Pelo contrário, acredito que os homens amam a guerra, sentem-se
confortáveis com a escravidão e necessitam de um ‘senhor’ para
legitimá-los, para atribuir-lhes existência; a intelectualidade também
está totalmente contaminada por sua própria frivolidade e já se afastou
completamente da realidade, escrevendo artigos e participando de
eventos acadêmicos sem a menor relevância para o povo. O favor que
prestam à humanidade se limita a lustrar os pesados e infames ídolos
que o povo irá carregar nas costas! Meus caros, se o Brasil possui uma
função messiânica diante da humanidade, sua função é purgar os
brasileiros de toda a opressão imposta por seus dominadores, e servir
de exemplo para o resto do mundo, mesmo que se tenha que derramar
algum sangue”.
“Uma vez, num emprego que eu tinha, minha patroa, uma gestora já
bastante experimentada pelo mercado, senhora respeitável e correta,
metódica e organizadíssima, profissional irrepreensível, chamou-me
no seu escritório para conversarmos sobre minha conduta ‘solta
demais’ e meu comportamento despreocupado com os padrões e
metas da empresa; ela me chamou para o ritual cotidiano de massacre
psicológico dos escravos, ritual em que se esculacha o funcionário por
não corresponder ao perfil e expectativas da empresa, um dos rituais
mais aterrorizantes para a maioria dos empregados, pobres sujeitos
que apenas tentam se enquadrar no sistema, mesmo que tenham que
abrir mão da própria consciência, somente para não serem dispensados
e jogados no limbo da disputa mercadológica”.

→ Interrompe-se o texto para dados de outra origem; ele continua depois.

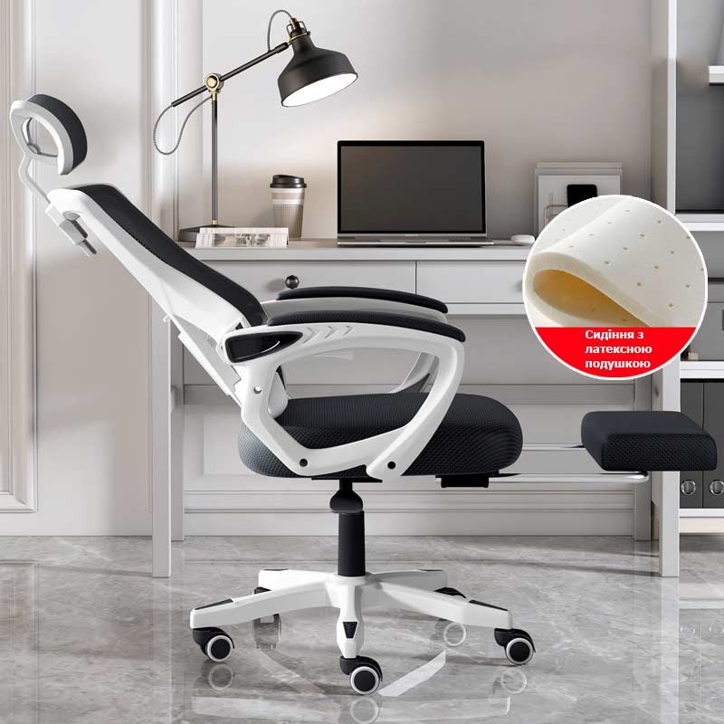 Крісло оснащене регулюванням висоти, поворотним механізмом та зручною висувною підставкою для ніг, що дозволяє розслабитися під час відпочинку. Завдяки сучасному мінімалістичному дизайну воно добре підходить для офісу, домашнього кабінету або робочого місця.

“A gestora me chamou e disse ‘Dom, todos temos nossas obrigações e
todos estamos cheios de trabalho para fazer. Ou você se adequa ao
sistema de nossa empresa, ou serei obrigada a substituí-lo. Quando
alguém não cumpre o esperado, devemos substituí-lo. Não vou mais
levar esporro de gente da diretoria por sua causa, por causa de seus
atrasos ao responder e-mails, por causa de sua tranquilidade de hippie.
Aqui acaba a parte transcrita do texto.